**Work order:**
Below, locate the line that contains "Pinguim geeky bonito". Repeat exactly from that line to the line that contains "5、在編輯界面的右上角,找到", inclusive, leaving out the pictures.

+++ Records to use +++

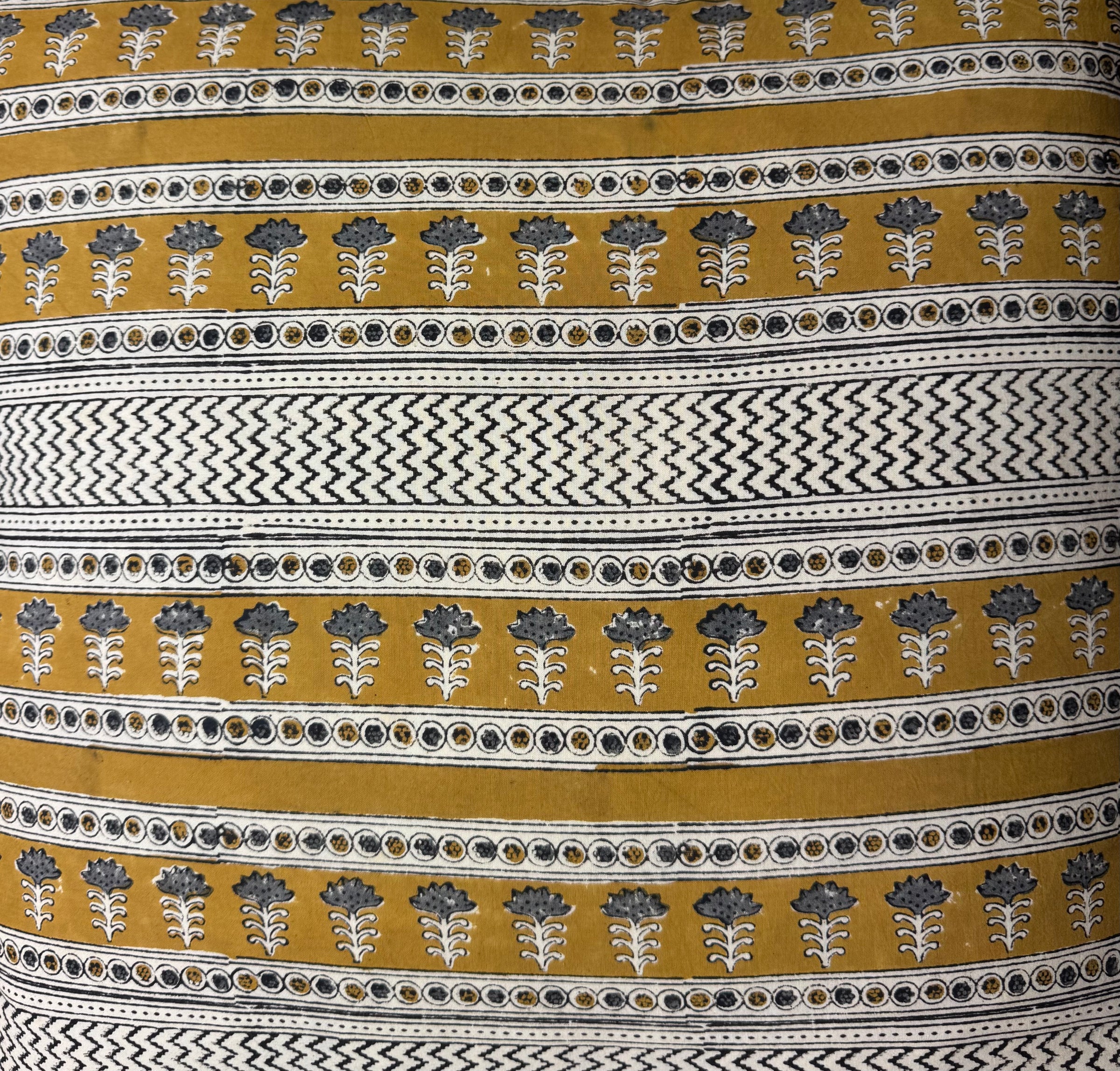 Stripe Pattern Pillow, Indian block print pillow gold, ivory, gray pattern striped cotton, feather down insert.
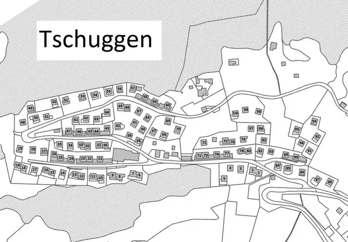 Im Winter gelangen Sie mit der Seilbahn der Belalp Bahnen zur Mittelstation Tschuggen. Von dort aus laufen Sie zirka 15-20 Minuten zum Haus. Das Haus Nr. 75 finden Sie beim roten Kreis.
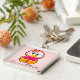 Pinguim geeky bonito do rosa dos desenhos animados da menina que guardara o coração cor-de-rosa
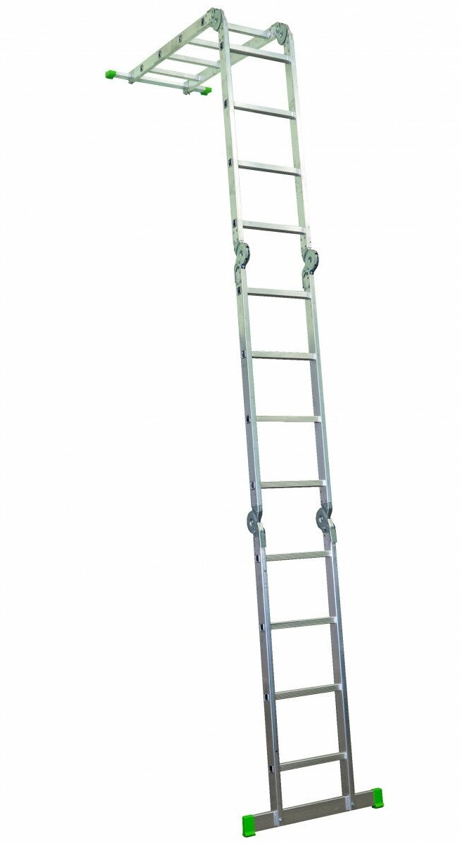 Новая высота Лестница-трансформер 3-х секционная 3×7 ступеней, 3×1,9 м, высота 4,5 м, нагрузка 150 кг, алюминий, новая высота
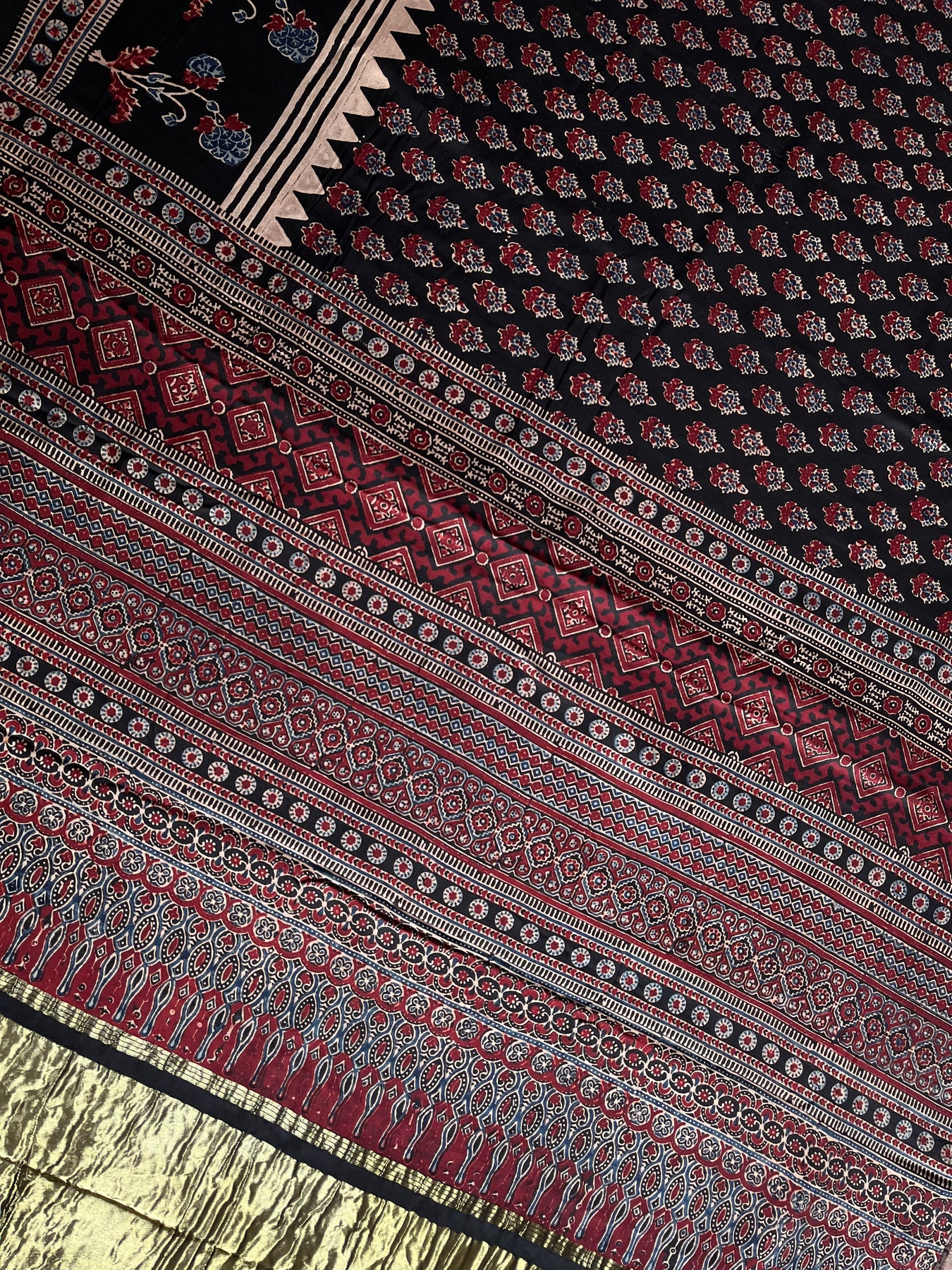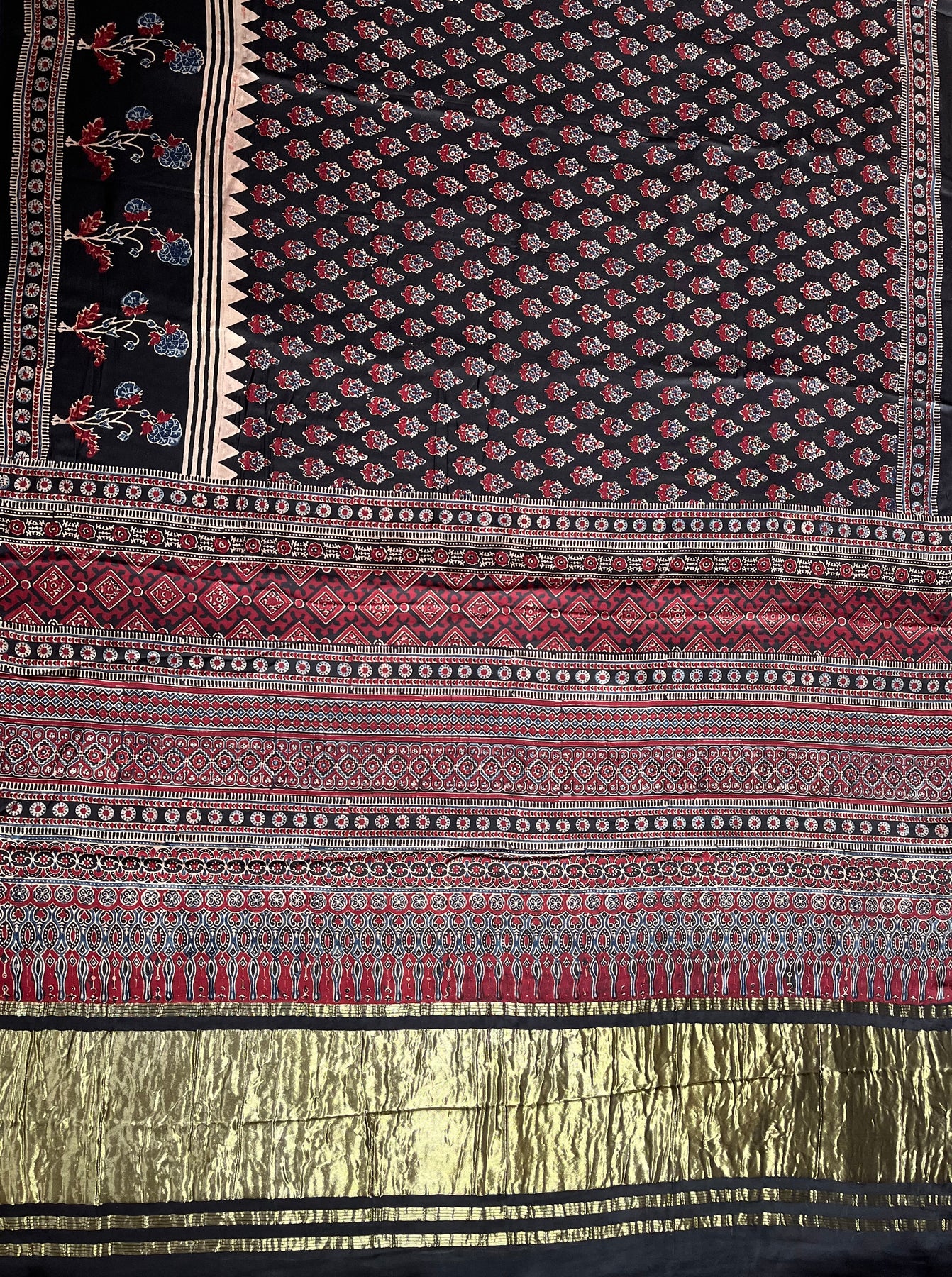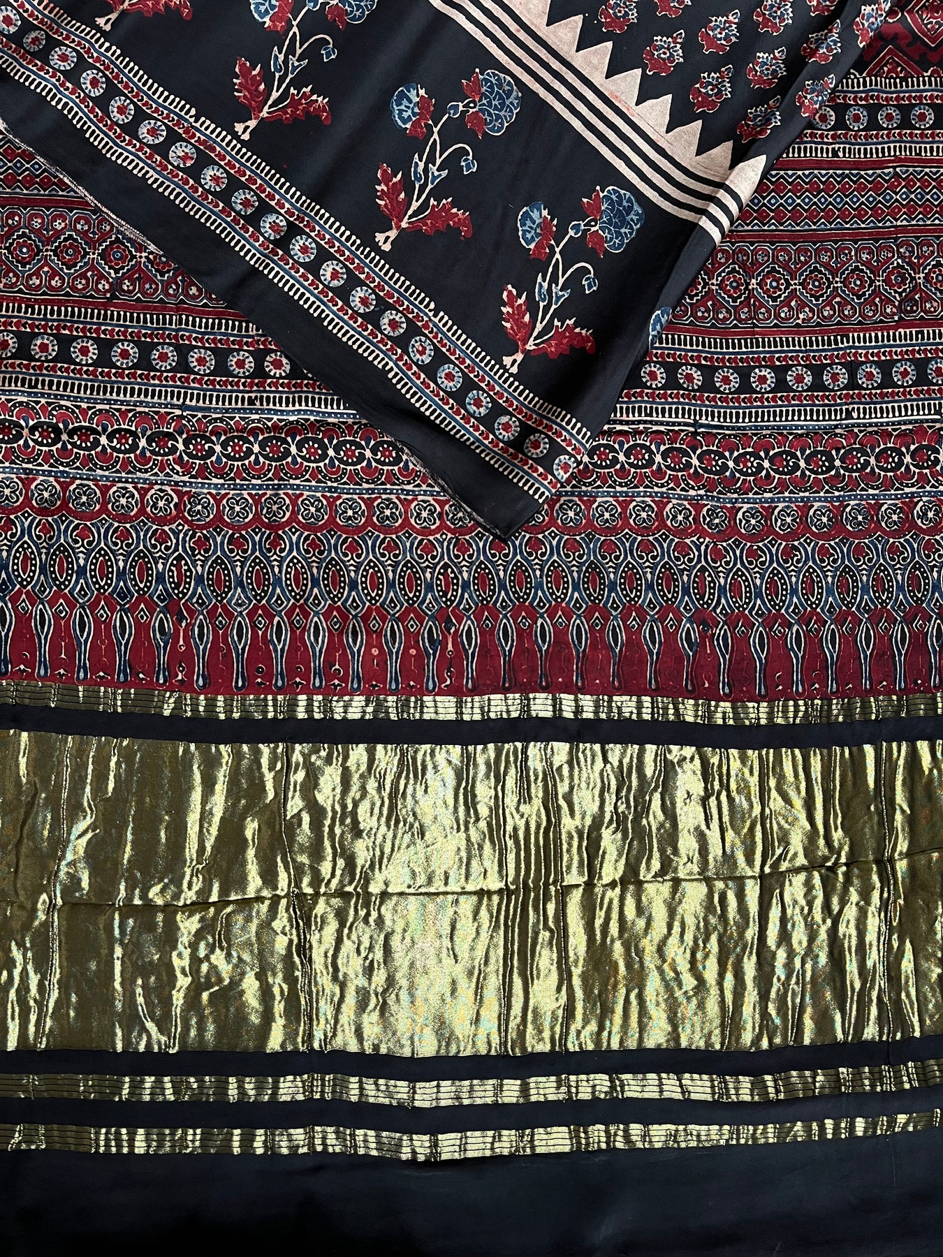 KRISHNA:BLACK,HANDBLOCK AJRAKH MODAL SILK SAREE WITH TISSUE PALLU
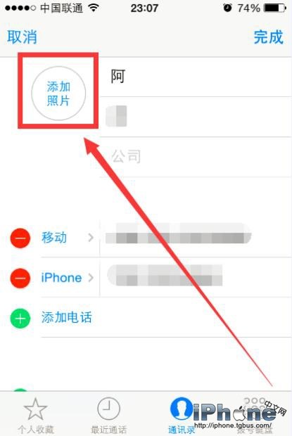 5、在編輯界面的右上角,找到有圓圈中標示“添加照片”四個字的板塊。點擊即為添加照片,用戶可以選擇拍照或是選取一張手機中的照片作為該聯系人的頭像。
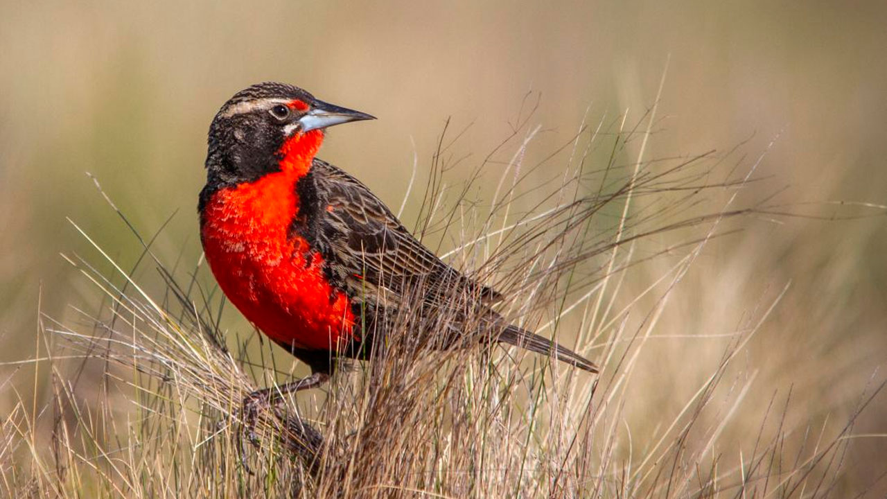 Esta ave paseriforme, conocida también como Pecho Colorado Pampeano o Tordo Pechirrojo, mide entre 20-25 cm y pesa 50-70 gramos. Los machos destacan por su pecho rojo intenso y su canto metálico, mientras que las hembras, más discretas, se camuflan en los pastizales. Habita los pastizales templados de Argentina, Uruguay y el sur de Brasil, pero el 80% de su hábitat ha sido devastado. Su temporada reproductiva (septiembre a enero) es crítica, con nidos en el suelo vulnerables a la depredación y el pastoreo. Clasificada como Vulnerable por la UICN, su supervivencia depende de esfuerzos como los de @AvesArgentinas, que incluyen protección de nidos y colaboración con productores para prácticas sostenibles.
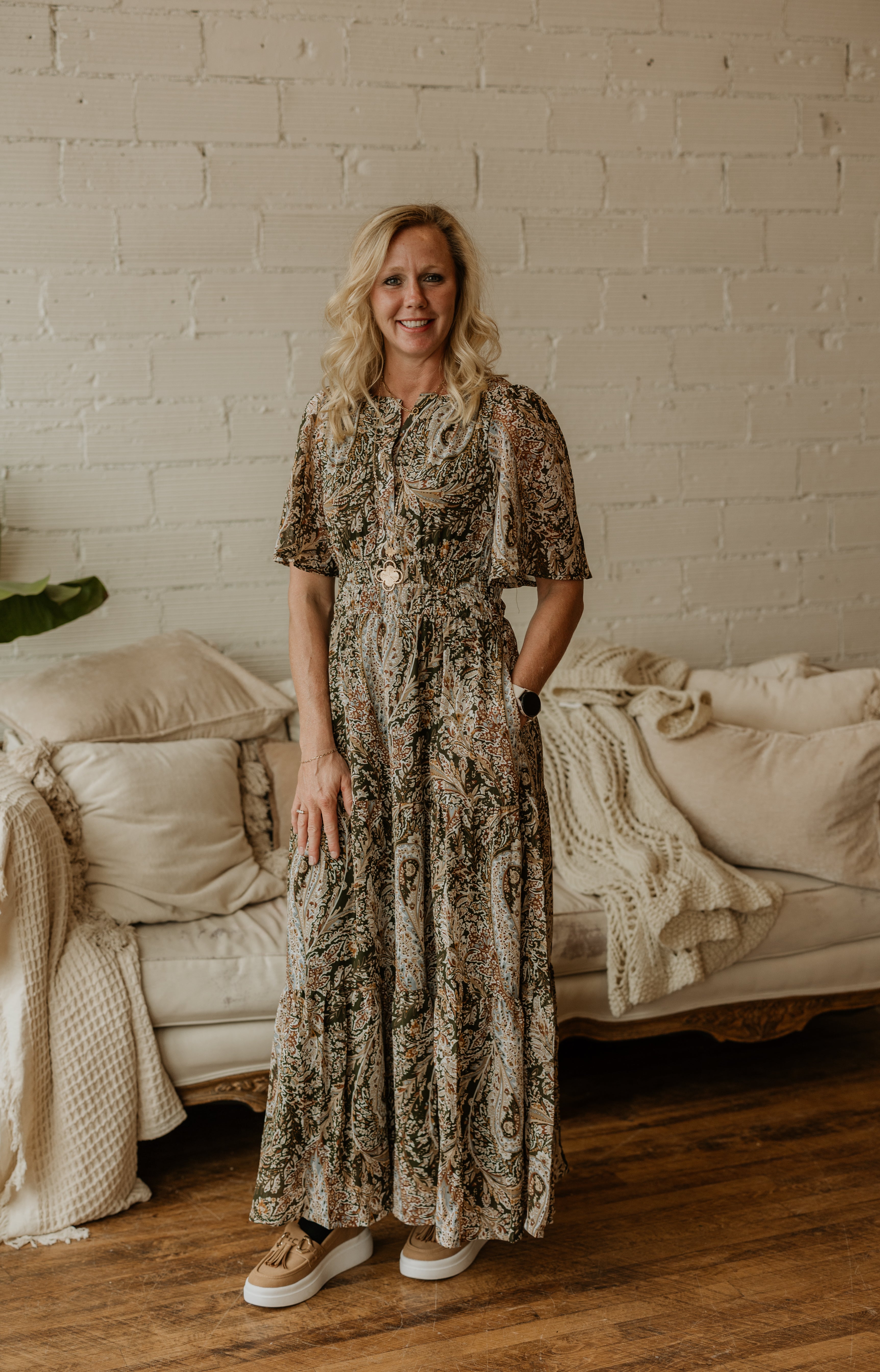 Step into effortless style with the RACHAEL Tiered Maxi Dress. Featuring a vibrant paisley print, this woven dress flows beautifully with a flattering tiered design. An elastic waistband ensures a comfy, perfectly fitted silhouette, while handy pockets add a touch of practicality. Perfect for twirling through your day with playful elegance!
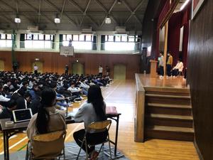 ずっとリモートで行っていた生徒会選挙が体育館で開催されました

+++

**Answer space:**
 Pinguim geeky bonito do rosa dos desenhos animados da menina que guardara o coração cor-de-rosa
 Новая высота Лестница-трансформер 3-х секционная 3×7 ступеней, 3×1,9 м, высота 4,5 м, нагрузка 150 кг, алюминий, новая высота
 KRISHNA:BLACK,HANDBLOCK AJRAKH MODAL SILK SAREE WITH TISSUE PALLU
 5、在編輯界面的右上角,找到有圓圈中標示“添加照片”四個字的板塊。點擊即為添加照片,用戶可以選擇拍照或是選取一張手機中的照片作為該聯系人的頭像。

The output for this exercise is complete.